WHAT YOU SHOULD DO: The reply is a verbatim copy of the listing below with its images dropped.

DATA BELOW:
--- START ---
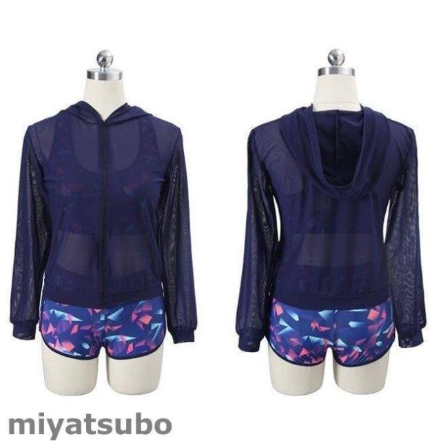 体型カバー 水着 レディース 3点セット かわいい タンクトップ レギンス 長袖ラッシュパーカー お洒落 UV対策 日焼け防止 20代 30代 40代
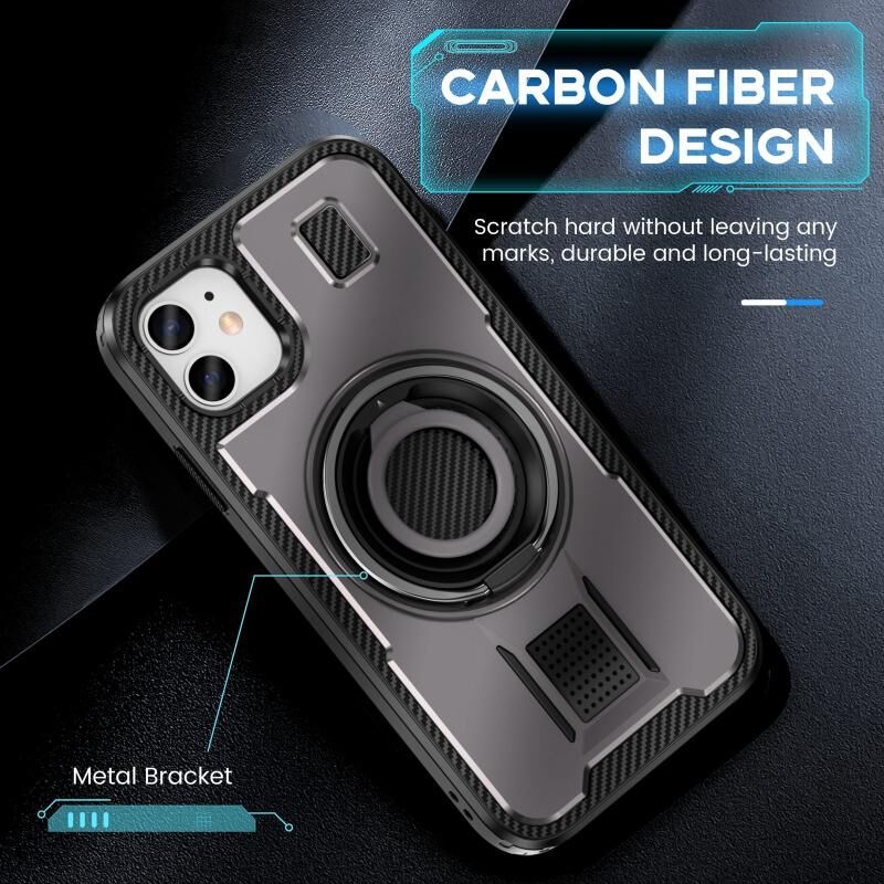 For iPhone 11 Ring Holder Carbon Fiber PC Hybrid TPU Phone Case(Grey)
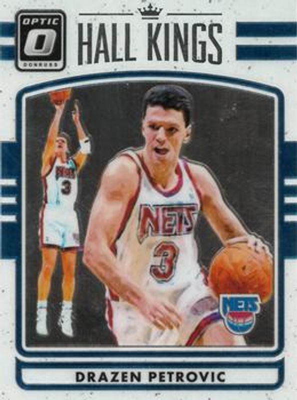 The Drazen Petrovic 2016 Optic #25 Hall Kings card is 1 of 11 Drazen Petrovic's card variations in the 2016 Optic set being tracked by Sports Card Investor, including Hall Kings - Holo, Hall Kings - Purple, Hall Kings - Orange /199, Hall Kings - Red /99, and Hall Kings - Blue /49.
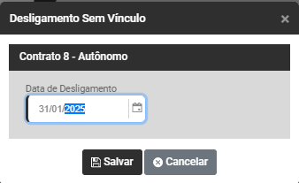 Agora clique em "Gerar" e será apresentada a Tela para definição da Data de Desligamento Sem Vínculo, digite a data e clique em Salvar
--- END ---
TASK SOLUTION:
 体型カバー 水着 レディース 3点セット かわいい タンクトップ レギンス 長袖ラッシュパーカー お洒落 UV対策 日焼け防止 20代 30代 40代
 For iPhone 11 Ring Holder Carbon Fiber PC Hybrid TPU Phone Case(Grey)
 The Drazen Petrovic 2016 Optic #25 Hall Kings card is 1 of 11 Drazen Petrovic's card variations in the 2016 Optic set being tracked by Sports Card Investor, including Hall Kings - Holo, Hall Kings - Purple, Hall Kings - Orange /199, Hall Kings - Red /99, and Hall Kings - Blue /49.
 Agora clique em "Gerar" e será apresentada a Tela para definição da Data de Desligamento Sem Vínculo, digite a data e clique em Salvar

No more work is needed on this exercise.